During the process of project work, we often establish various specifications to facilitate better cooperation among teams and better complete projects; we often hear various protocols, such as the open XMPP protocol used by Google's im software GTalk. As long as other im software also complies with the xMPP protocol, it can be used and communicated with gTalk; there is no count of information on the Internet, and this information itself exists independently. How to connect it in series and present it to users requires the use of the http protocol.
By the same token, because browsers have different kernels and different renderings of default styles, they need a rule that each browser follows to ensure that the styles presented by the same web document on different browsers are consistent. This rule is the doctype declaration.
Because the Internet is interoperable, any two or more web documents may involve data exchange. Because the xml language allows users to customize tags, any two exchanged documents may have the same tags, resulting in conflicts of the same tags. Therefore, a namespace is needed to distinguish the same tags that may exist in the exchange document.

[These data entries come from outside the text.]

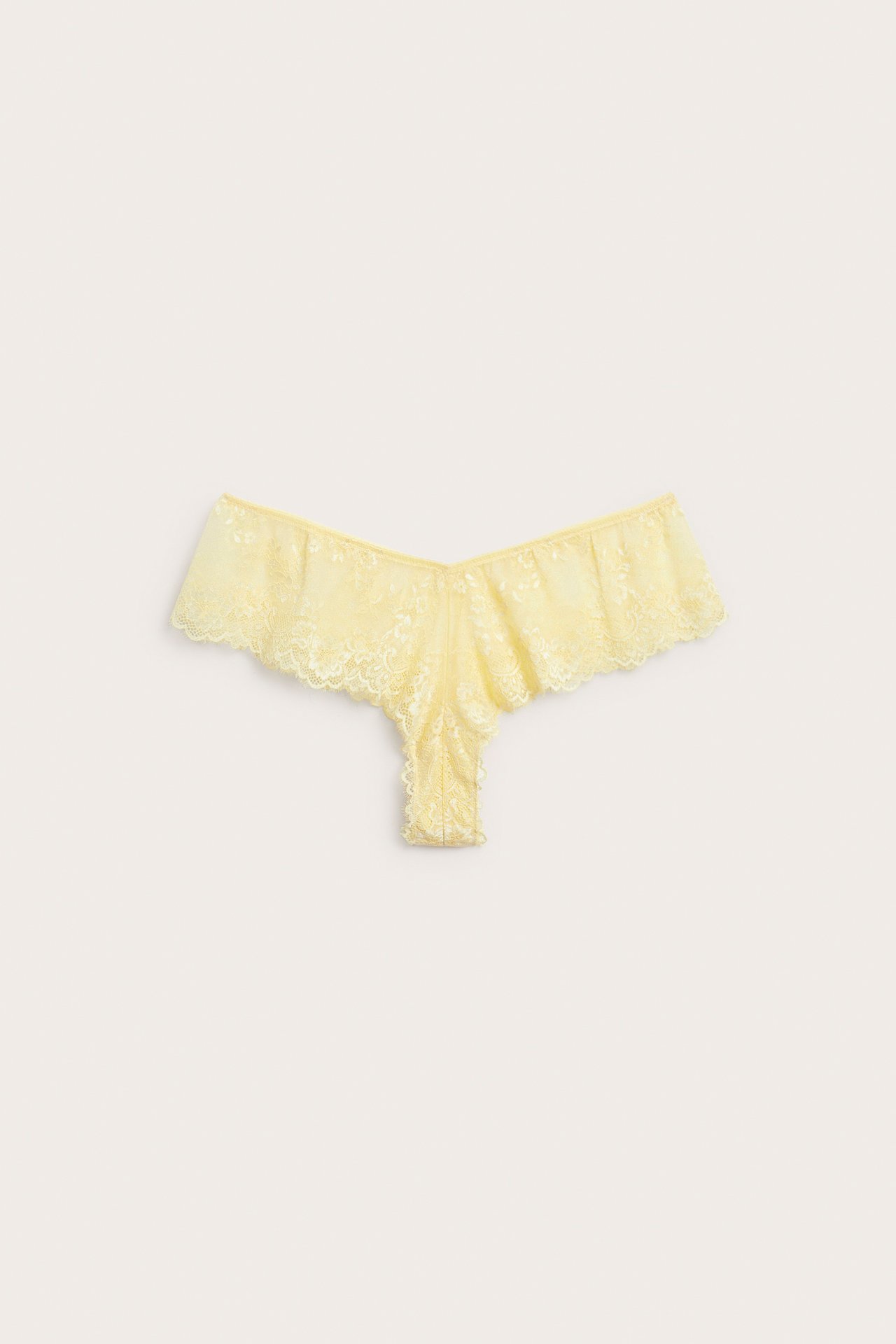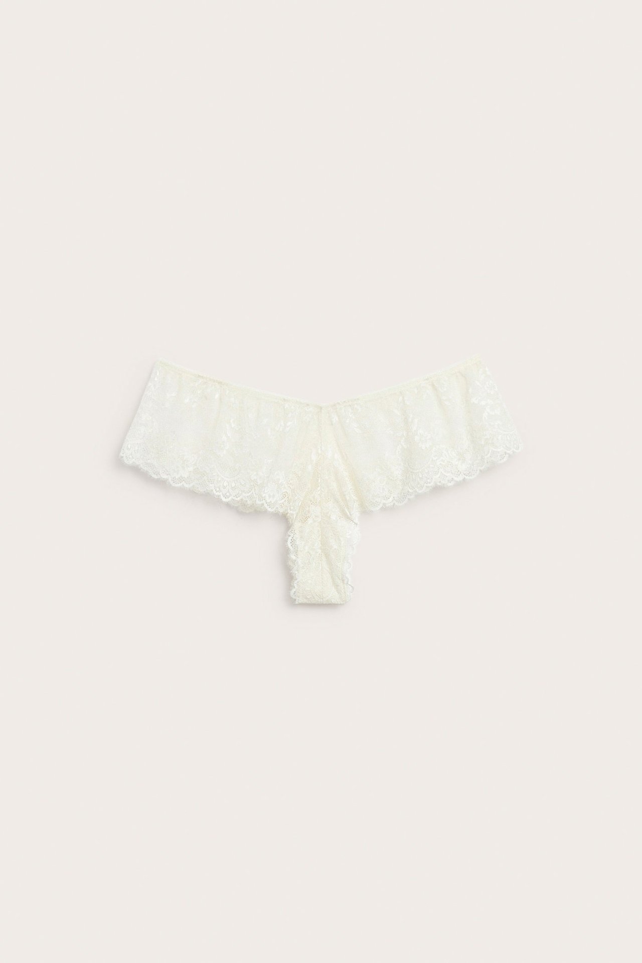 Xlnt:n brief-malliset pitsipikkuhousut, joissa on hapsureuna. Pitsipikkuhousut, joissa on korkea vyötärö ja väljä istuvuus jalkojen kohdalla.
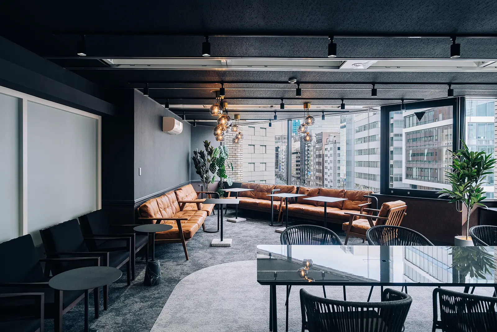 オープンエリアは、受付、フリーアドレスオフィス、カフェスペースの仕切りをなくした開放的な空間です。出張時のビジネス拠点やテレワークなどにも気軽にご利用いただけます。
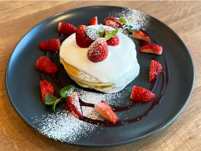 甘さ控えめの生クリームと旬のいちごを贅沢にあしらい、周りにはほんのり酸味がアクセントのベリーソースを。

As a language for transitioning html to xml, xhtml cannot implement user-defined tags in xml language, so the namespaces in xhmtl documents are the same:
<html xmlns=http://www.w3.org/1999/xhtml>
xmlns is the abbreviation of xhtml namespace, which is the so-called namespace. Like the doctype declaration, xmlns is also a declaration. Unlike the doctype declaration still exists in the html document, xmlns does not exist in the html document, and the xmlns we usually see appear in the xhtml document.
When making a web page, in addition to declaring doctype (document type) at the beginning, if it is an xhtml document, it also needs to declare the namespace, and the third thing to declare is the character encoding type of the web page document:
<meta http-equiv=content-type content=text/html; charset=utf-8' />
In order to be interpreted correctly by the browser and verified by W3C, each xhtml document should declare the character encoding used. Many times, most of the garbled codes in web documents are caused by incorrect character encoding.
UTF-8 is a variable-length encoding expression of unicode. As a globally universal character encoding, it is being used in more and more web documents. Web pages using UTF-8 character encoding can maximize the avoidance of garbled code caused by different character encodings when users in different regions access the same web page.
But when we open most domestic websites, especially large portal websites, the statement about character encoding is not utf-8, but gb2312:
<meta http-equiv=content-type content=text/html; charset=gb2312' />
Of course, in addition to gb2312, there are some websites that use gbk or gb18030 encoding. These three character encodings belong to the simplified Chinese character set. That is to say, if a computer does not have a simplified Chinese character set installed, when it accesses a Chinese web page with character encoded as gb2312, the garbled code is displayed.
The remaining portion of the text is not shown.